Dataset:
For this case study, we have taken data of transactions made by credit cards in September 2013 by European Cardholders from Kaggle.com:
Credit Card Fraud Detection Data
The datasets contains transactions made by credit cards in September 2013 by European cardholders. This dataset contains transactions that occurred in two days, where we have 492 frauds out of 284,807 transactions. The dataset is highly unbalanced, the positive class (frauds) account for 0.172% of all transactions.
The data set comprises 31 columns. All columns are anonymized except 'Time', 'Amount' and 'Feature'. Apart from these 3 columns, there are 28 columns with the name 'V1', 'V2' to 'V28'. Features V1, V2, ... V28 are the principal components obtained with PCA.
The result is "Feature" (last column) representing whether the transaction is fraudulent or not. Feature 1 means Fraud and 0 means 'No Fraud'
Can we detect any type of fraud?
Yes, we can detect any type of fraud provided the required data are available. However, please note that we may have to feature engineering to improve the overall fraud detection rate.
Result: Top 1,000 Fraudulent Transactions
We have selected the dataset in "Discover" and asked to find out top 1,000 fraudulent transactions. Below, we give the screenshot of "Discover":
When we click on "Result" button, we see the following result (given screenshot of Result):
We find that out of 1,000 top rows; 182 rows are of Fraudulent transactions. Please note that there are 492 fraudulent transactions out of total 284,807 transactions. Thus, fraudulent transactions account for 0.172% of all transactions. If we take random 1,000 rows, we are expected to get 1.72 (or 2) rows containing fraudulent transactions. However, we got 182 rows (which is better than 100 times) of Fraudulent transactions without any feature engineering using "Discover". Below, we give screenshot of the result:
Result 2: Top 1,000 Fraudulent transactions
We got first result wherein we got 182 fraudulent transactions out of top 1,000 top transactions selected by "Discover". This was better than 100 times in comparison of random 1,000 rows. However, getting 182 out of total 492 fraudulent transactions means we have achieved accuracy of around 37% that is not good enough for banks.
To achieve, better result, we have done auto feature engineering facility provided by "Discover" and got the following result:
Below, we give feature and its value found by "Discover":
V17 = 32.3877
V14 = 11.1417
V12 = 8.9469
V16 = 3.0463
V3 = 0.172
We have taken top 4 features and created a new dataset with the features 'Time', V12, V14, V16, V17, Amount and Feature. We have ignored the column "V3" because its value is too small (below 1).
We have selected the dataset in "Discover" and asked to find out top 1,000 fraudulent transactions. Please note that we have not taken into account the columns 'Amount' and 'Feature'. Below, we give the screenshot of "Discover":
When we click on "Result" button, we see the following result (given screenshot of Result):
We find that out of 1,000 top rows; 407 rows are of Fraudulent transactions. Thus, we have achieved accuracy of 82.7% from top 1,000 transactions. It has been achieved using just 5 columns and auto feature engineering facility provided by "Discover". Below, we give screenshot of the result:
Non-Fraudulent Transactions: We have filtered all non-fraudulent transaction by putting class equal to 0. Below, we give screenshot of the result:
We see that first non-fraudulent transaction has rank of 50. Thus, top 49 transactions selected by "Discover" are really fraudulent transactions.
Time Taken: It hardly takes 4 to 5 seconds to get list of top 1,000 fraudulent transactions on a moderate hardware.
Top 50 Fraudulent transactions: If we check the top 50 transactions, we find that all are really fraudulent transactions. The first false positive transaction is 51st. Though, it might not be true always. However, we can expect that there will be very few false positive in top 50 or top 100 transactions.

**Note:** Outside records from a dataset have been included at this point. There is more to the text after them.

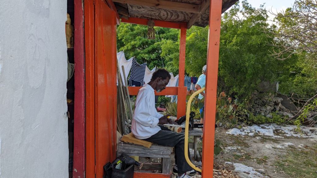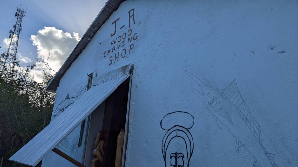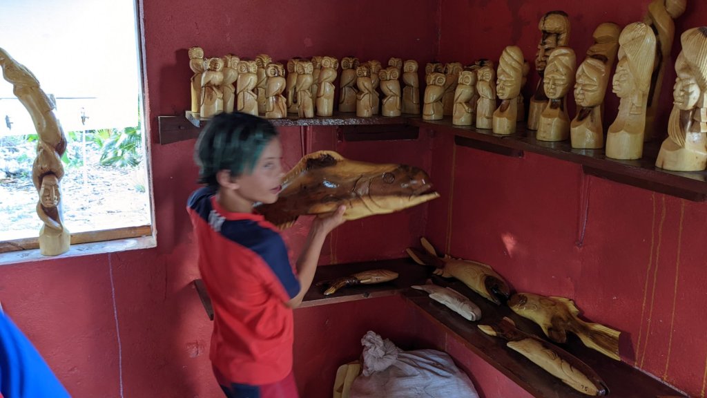 We were disappointed to learn that the ice cream shop was closed, and the owner was off-island with some health issues. Our only other option was a little restaurant/bar that our friends had been to last year and watched hermit crab races…. They had some freezer burned Rocky Road which wasn’t quite what I had been dreaming of, but it was still a treat. We hiked around and the boys found a tiny house where a man carves wood statues and decor by hand from the trees in the area.
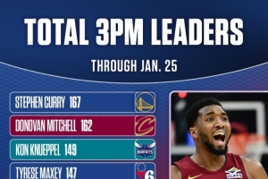 體育資訊1月27日訊 NBC曬出了賽季至今的球員三分命中數排行榜。其中庫里排名第一、米切爾第二、克尼佩爾第三。
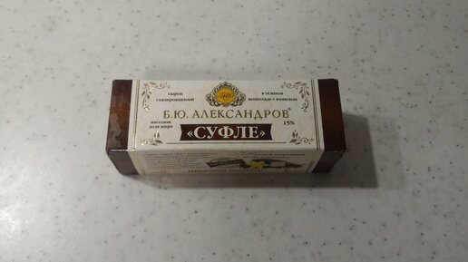 На своем канале я уже размещал обзор о чизкейке марки Б. Ю. Александров и сырке в молочном шоколаде. Интересные продукты. Если интересно почитайте по ссылке. Сегодня я попробую суфле и напишу опишу свои впечатления. Полностью продукт называется сырок глазированный "Суфле" в темном шоколаде с ванилью "Б. Ю. Александров". Цена: 35 рублей. Масса: 40 грамм. Производитель: ООО "РостАгроКомплекс", Московская обл., Пушкинский район, шоссе Братовщина-Ельдигино, 6 км. Состав Патока крахмальная, творог, шоколад темный (какао тертое, сахар-песок...
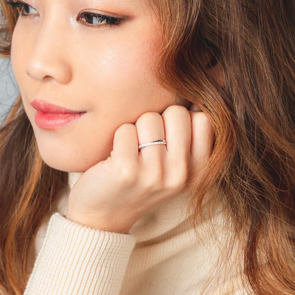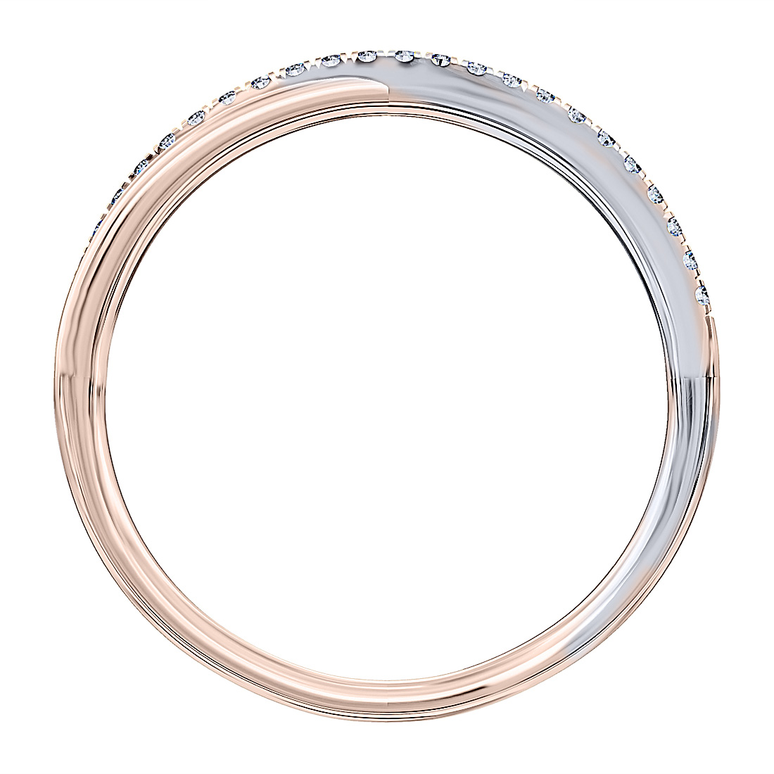 A graceful crossover band traced with pavé diamonds, shimmering with elegance. Romantic and radiant, it perfectly complements its matching band.
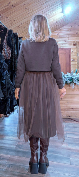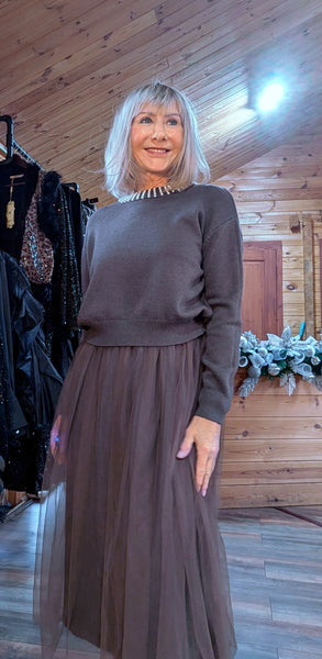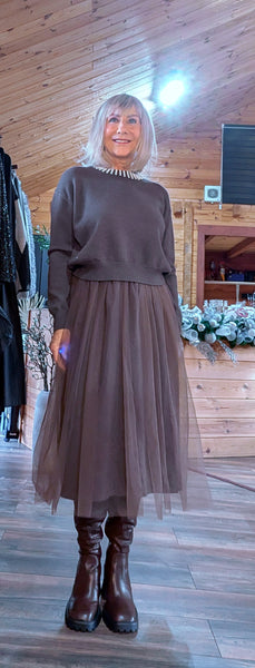 Step into elegance this season with Maud – a stunning Italian two-piece set that’s utterly effortlessly chic. The set features a beautifully soft high-neck sweater adorned with delicate pearl button trim, paired with a floaty tulle dress featuring a soft vest top and full layered skirt.

Note: Please note that we prefer feature engineering using knowledge of domain expert. However, as most of the columns in the dataset were anonymized, we were forced to use feature engineering facility provided by "Discover". We expect to achieve accuracy of 90% and above based on feature engineering done using knowledge of domain expert.
Can we detect any type of fraud?
Yes, we can detect any type of fraud provided the required data are available. However, please note that we may have to do feature engineering to improve the overall fraud detection rate.